Abstract

Eukaryotic cells can migrate spontaneously or in response to external stimuli such as chemical gradients and may travel either individually or collectively. Eukaryotic cell motility is crucial during development, wound healing, the immune response, and cancer metastasis. In liquids, eukaryotic cells can swim by pushing on the surrounding fluid, but they more often crawl along the extracellular matrix. We are interested in studying the relationships between hydrodynamics and adhesion that regulate a cell's transition between swimming and crawling. Therefore, we develop a simple model of a cell capable of both kinds of motion based on the three-sphere swimmer proposed by Najafi and Golestanian.

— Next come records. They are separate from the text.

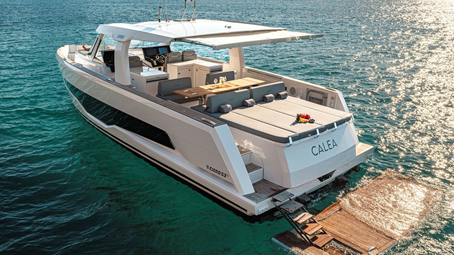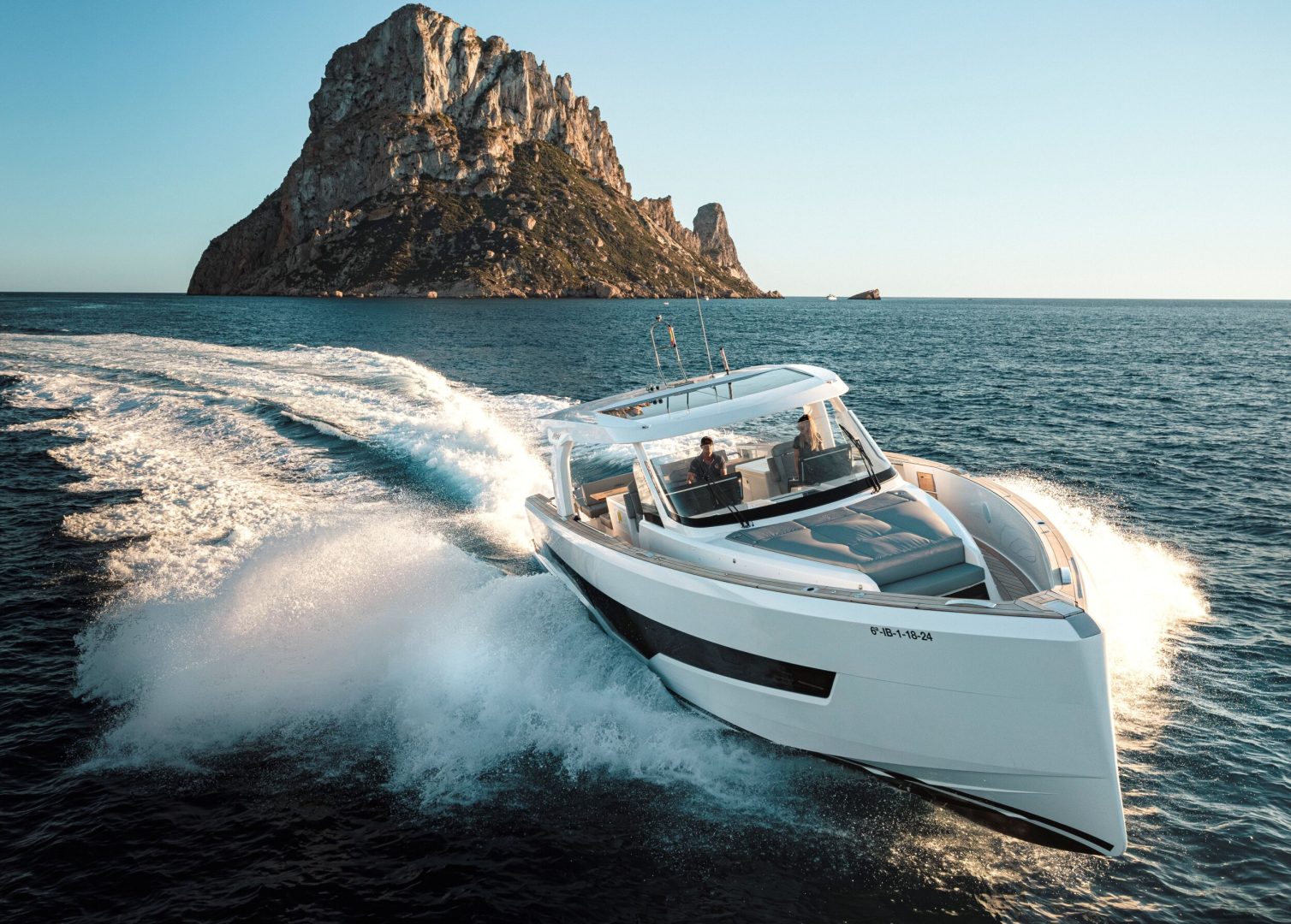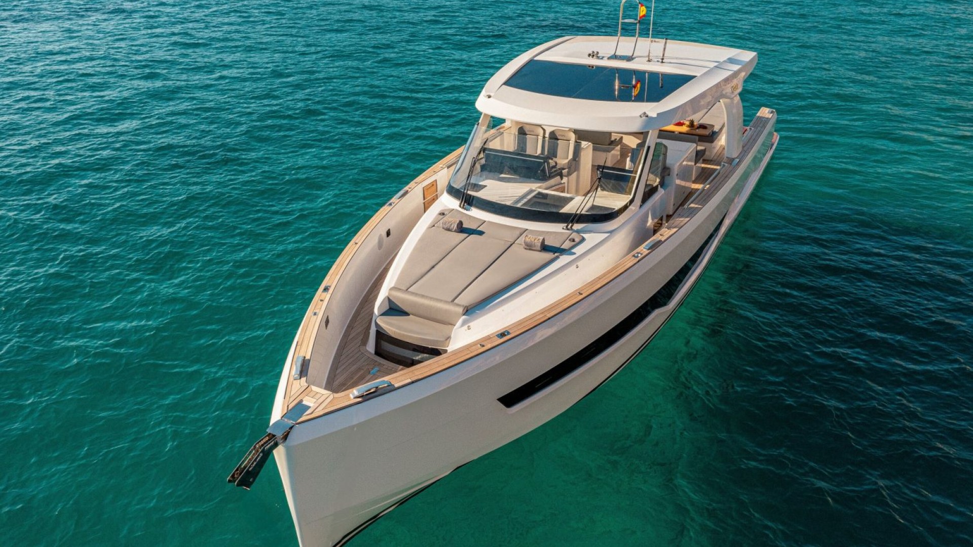 Con su imponente casco blanco y sus líneas puras de diseño escandinavo, este yate es la elección predilecta para quienes buscan exclusividad y un confort inigualable mientras navegan hacia las aguas cristalinas de Formentera. Su diseño walk-around permite una libertad de movimiento total, convirtiendo la cubierta en una auténtica terraza privada sobre el Mediterráneo.
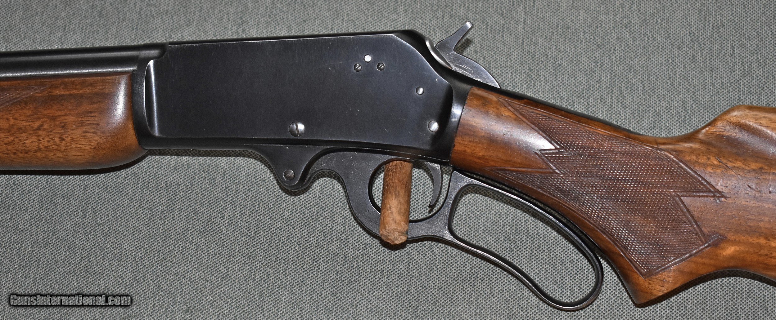 Description: Scarce Marlin model 336A deluxe rifle in 30-30. Built in 1949,this rifle is in great all original condition. It retains 98% of the original blue and 99% of the wood finish. The 24" barrel has a mint bore with sharp well defined rifling. The stock and forend are hand checkered and show no wear at all. The receiver has the "waffle top" matting. The rifle comes with a period correct leather sling installed. A hard to find configuration in true collector condition. Marked "JM" on the barrel. C&R eligible. SOLD Curio/Relic: Yes Rifle Caliber: .30-30 Winchester Manufacturer: Marlin Model: 336A Deluxe Serial Number: F38885 Barrel Length: 24 Condition: mint Metal Condition: mint Wood Condition: mint Bore Condition: mint Action: lever Butt Pad: factory buttplate Manufacture Date: 1949 |
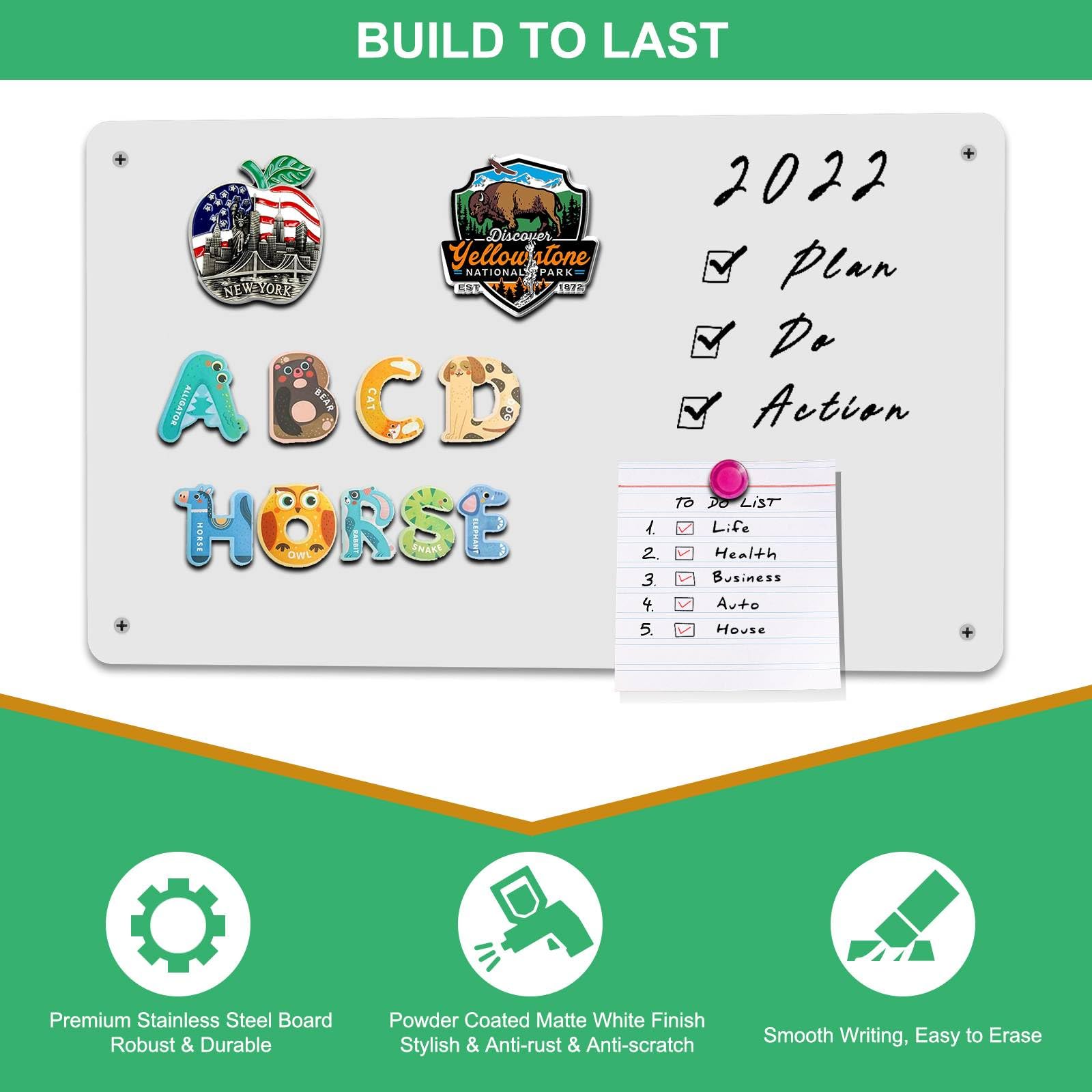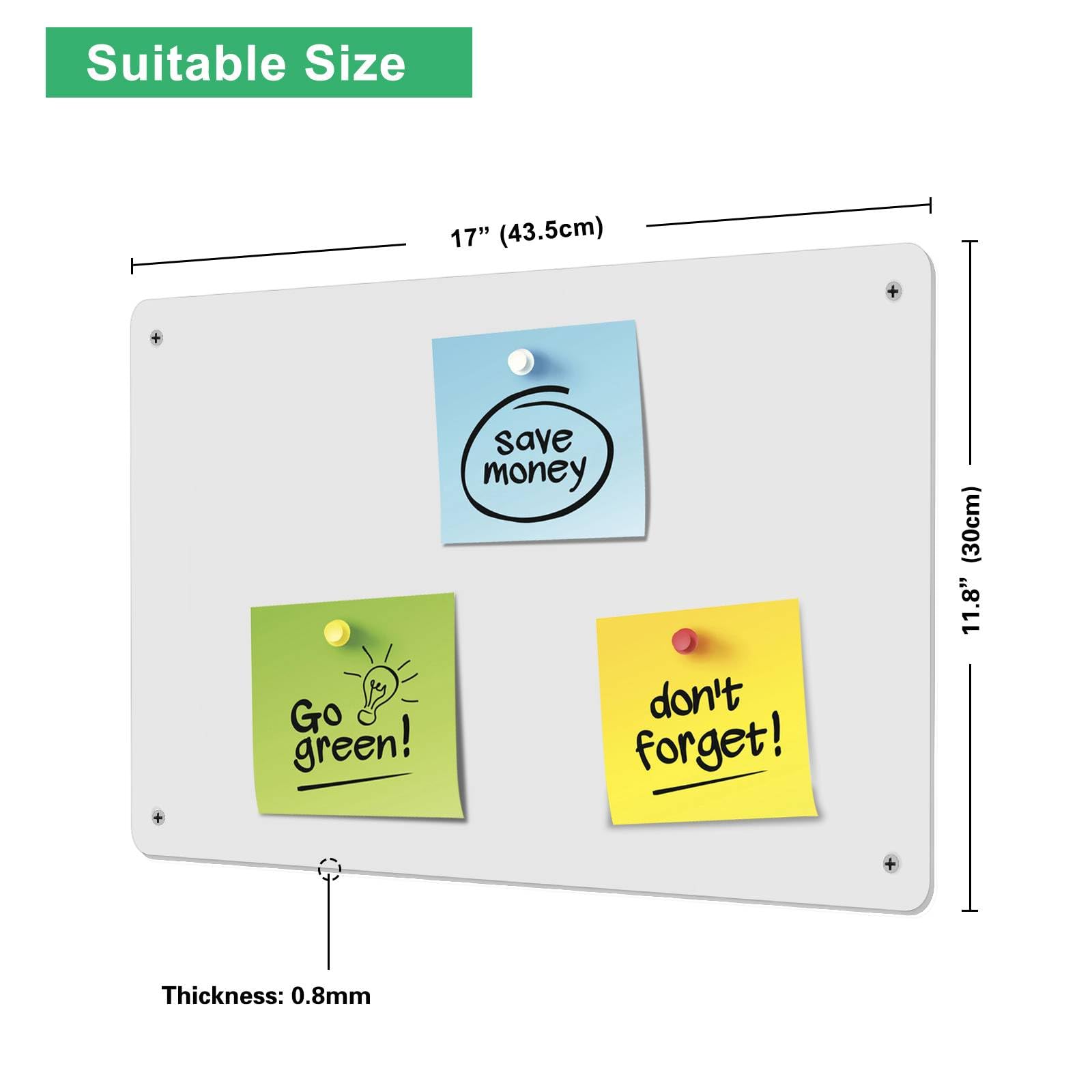 ["【MAGNETIC DISPLAY BOARD】Although it is not magnetic itself, the Raweao magnetic board provides a perfect surface for use with all kinds of magnets – travel magnets, magnetic letters/numbers, magnetic spice jars, magnetic puzzle toys, magnetic plants, and more! Note: Non-magnetic regular metal does not stick to the board.","【Suitable Size】30 x 43.5 cm. Only 0.8mm thick, which is ultra thin, fits better on the wall and saves space. The magnetic board is suitable as a kitchen planner/organizer, for notes/presentations in the office, or as a writing board/educational tool in the children's room.","【Frameless Design + NEUTRAL COLOR LOOKS GOOD ANYWHERE】Sleek and frameless design with the classic neutral color, the Raweao magnetic boards are perfect for presentation anywhere, such as at home, in the kitchen, bedroom, office, or classroom. The ultra-thin body fits perfectly on any surface. Writable with alcohol-based markers and washable with a wet cloth and/or gentle cleaner.","【Multipurpose Use】The magnetic board can be used as a writable whiteboard and memo board, including - shopping list, task list, reminder board, drawing board, office board, daily menu planner, calendar, schedule planner, fridge organizer.","【After-Sales Service】In case of transport damage, please contact us and we can either send you a new one for free or refund the full amount."]
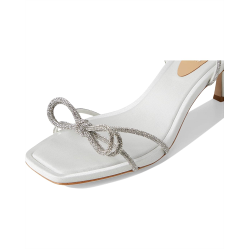 The Badgley Mischka Dandelion defines glamor at every step. This square toe pair features silk upper with rhinestone embellishments and buckle adjustable ankle strap closure.
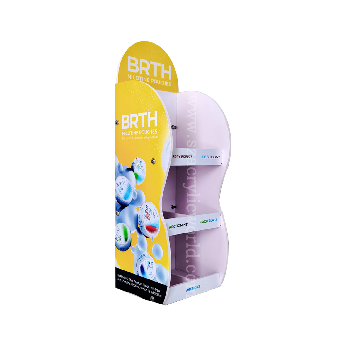 Ourmuraayadaha nikotiinka acrylicwaa xalal badan oo lagu hagaajin karo baahiyahaaga gaarka ah. Haddii aad u baahan tahay abandhiga countertopama bandhig weyn oo loogu talagalay aagga gaarka ah ee dukaankaaga, waan awoodnaasamee bandhigtaas oo ku habboon baahiyahaaga. Acrylic waa mid waara oo fududahay in la nadiifiyo, iyadoo la hubinayo in muuqaalkaagu uu ku sii jiro xaalad saafi ah.
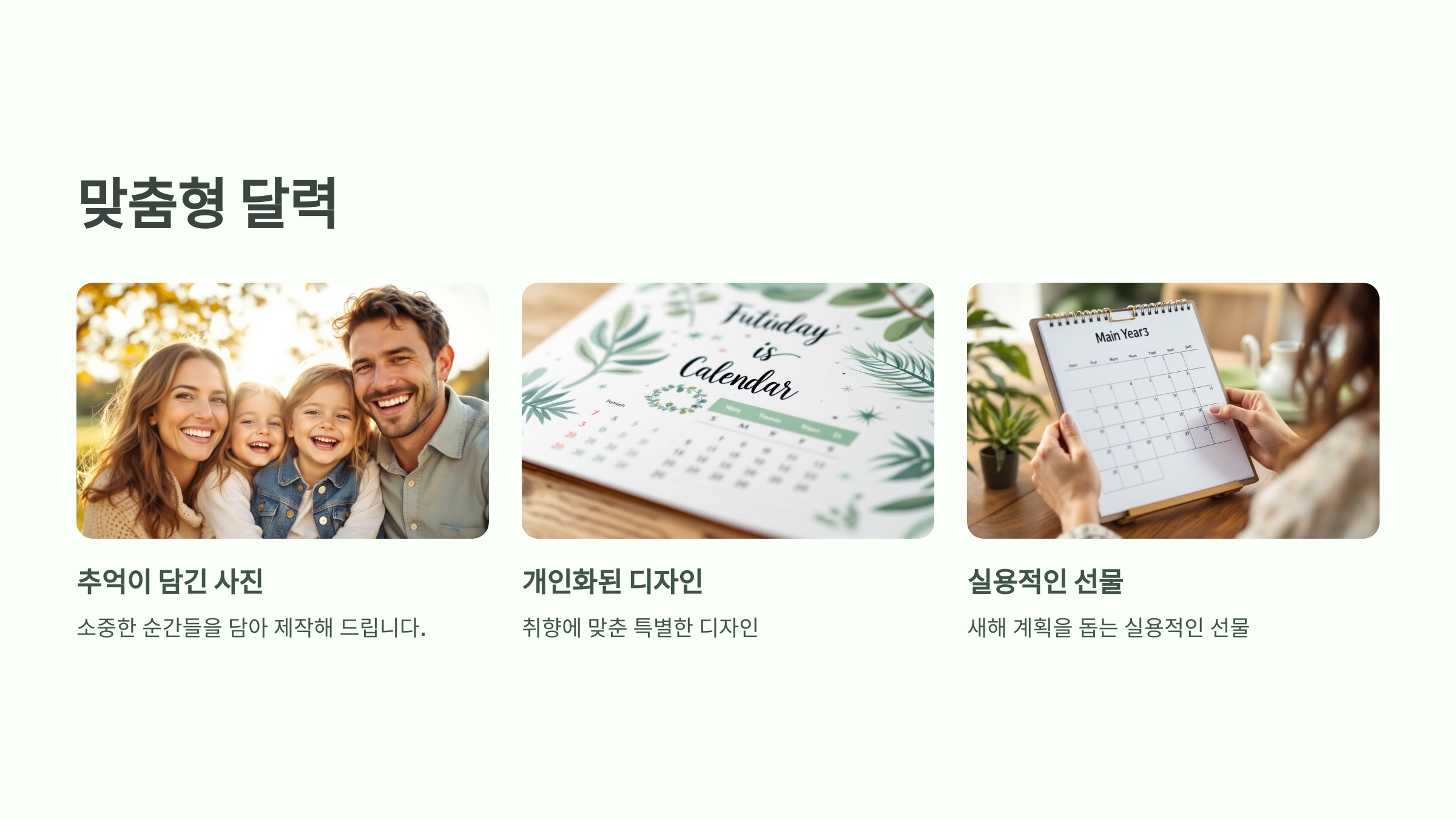 사랑하는 사람들과의 추억이 담긴 사진들로 구성된 맞춤형 달력은 언제나 감동을 줍니다.
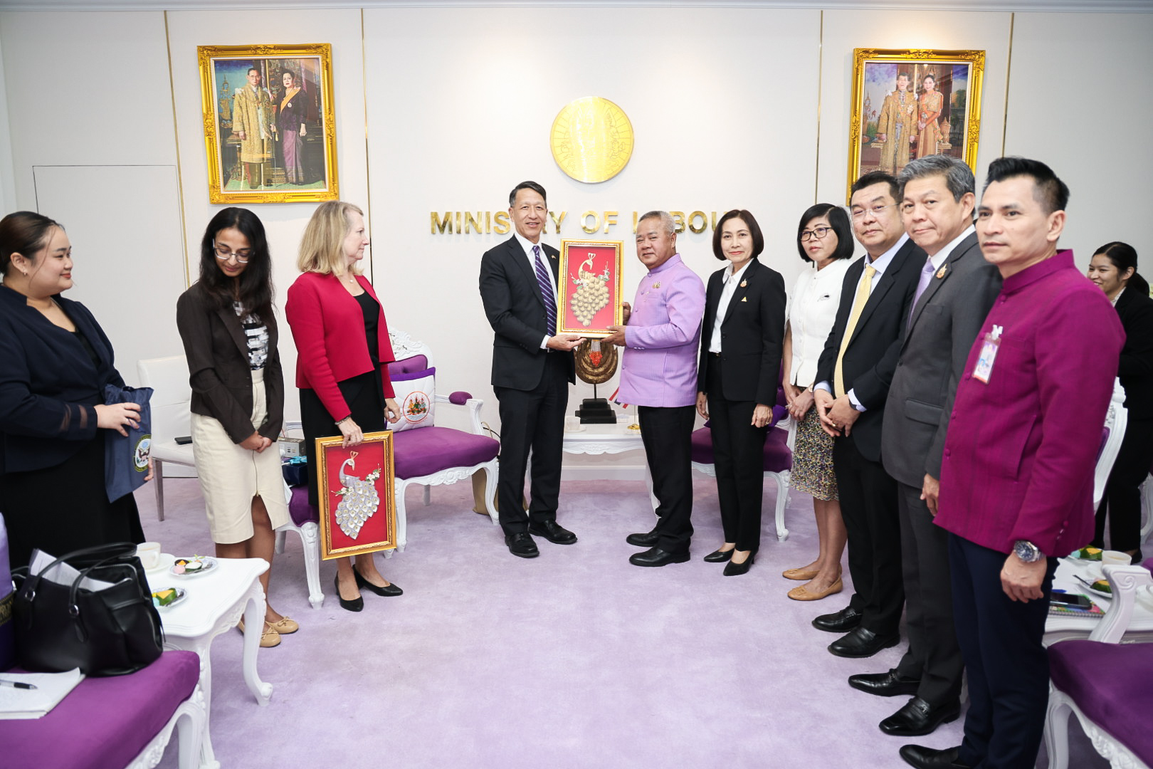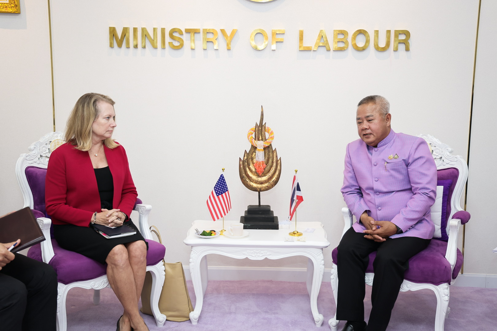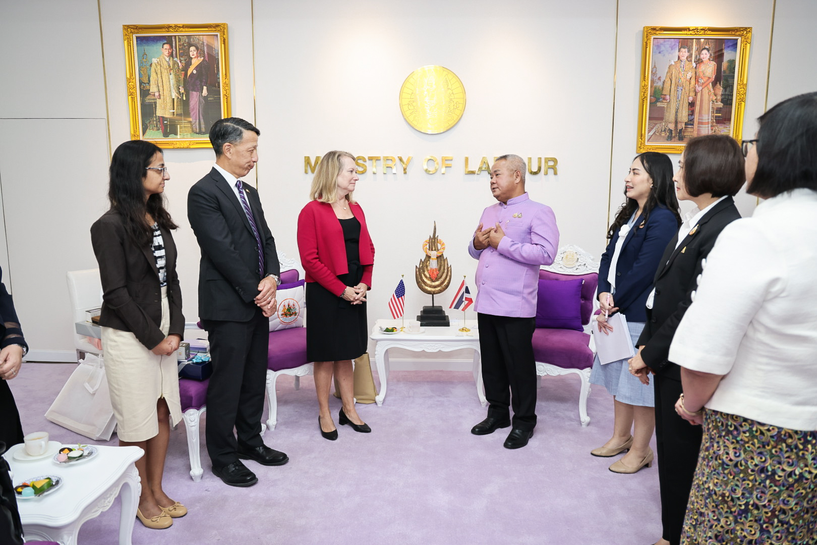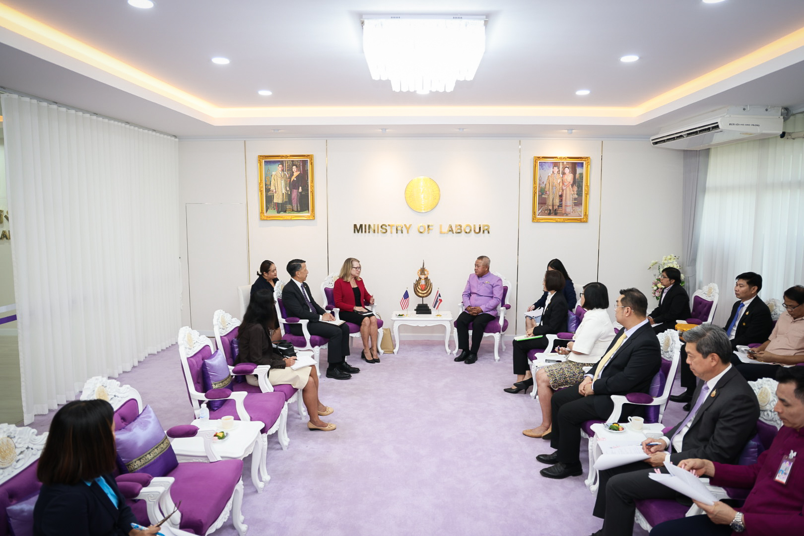 ให้การต้อนรับ คุณดิน่า บราวน์โลว์ (Ms. Dena Brownlow) ที่ปรึกษาฝ่ายการเมือง สถานเอกอัครราชทูตสหรัฐอเมริกาประจำประเทศไทย (Political Counselor) และ คุณแอนดรูว์ ชอว์ (Mr. Andrew Shaw)ที่ปรึกษาฝ่ายเศรษฐกิจ (Economic Counselor) ในโอกาสเข้าเยี่ยมคารวะและหารือข้อราชการเกี่ยวกับสถานการณ์แรงงานในประเทศไทย ณ ห้องรับรองปลัดกระทรวงแรงงาน ชั้น 7 อาคารกระทรวงแรงงาน
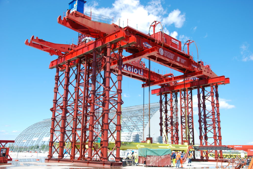 Il presente articolo descrive l’esperienza fatta dalla Azienda Fagioli durante il progetto MOSE, nel contesto del Piano Generale degli Interventi per la salvaguardia di Venezia e della sua laguna. Tale progetto riguarda la realizzazione di un sistema di barriere mobili per la protezione dalle acque alte. Fagioli è stata coinvolta nell’installazione dei cassoni di soglia per la Bocca di porto di Lido Treporti e delle paratoie per la stessa bocca e per le bocche di Lido di Malamocco e di Chioggia. Per poter eseguire queste attività la Fagioli ha progettato, costruito, testato e messo in opera attrezzature speciali, che verranno descritte in dettaglio nel presente articolo. Per l’installazione dei cassoni è stato realizzato un natante configurato a catamarano, utilizzando due chiatte fluviali, connesse da travi di collegamento, attrezzato con strand jacks. Per l’installazione delle paratoie è stata realizzata la Cavalletta di Varo, un portale che viene posizionato sopra i cassoni di soglia, tramite il quale le paratoie vengono calate nella loro sede ed incernierate ai cassoni. La Cavalletta di Varo è stata realizzata in due modelli, CV.01 e CV.02, per adattarsi alle diverse profondità delle bocche di porto e alle diverse dimensioni e pesi delle paratoie.

The model includes additional adhesive friction terms, geometry motivated by cells crawling on fibers, substrate surface hydrodynamic effects, and parameters from experimental data. Hydrodynamic effects diminish in the high adhesion limit, and the crawling cell can achieve significant center-of-mass velocity compared to its swimming counterpart. The crawling cell maintains the same net displacement per cycle regardless of its sequence of motions, including reciprocal cycles that would be unproductive in the frictionless limit, which constrains cell motion by the Scallop Theorem of low-Reynolds number hydrodynamics. The center-of-mass velocity of the cell plateaus at a maximum value as adhesion increases until the frictional drag exceeds the largest force the cell can generate, after which velocity decreases with increasing adhesion. This recapitulates the common experimental observation that cell speed is not monotonic with adhesion strength.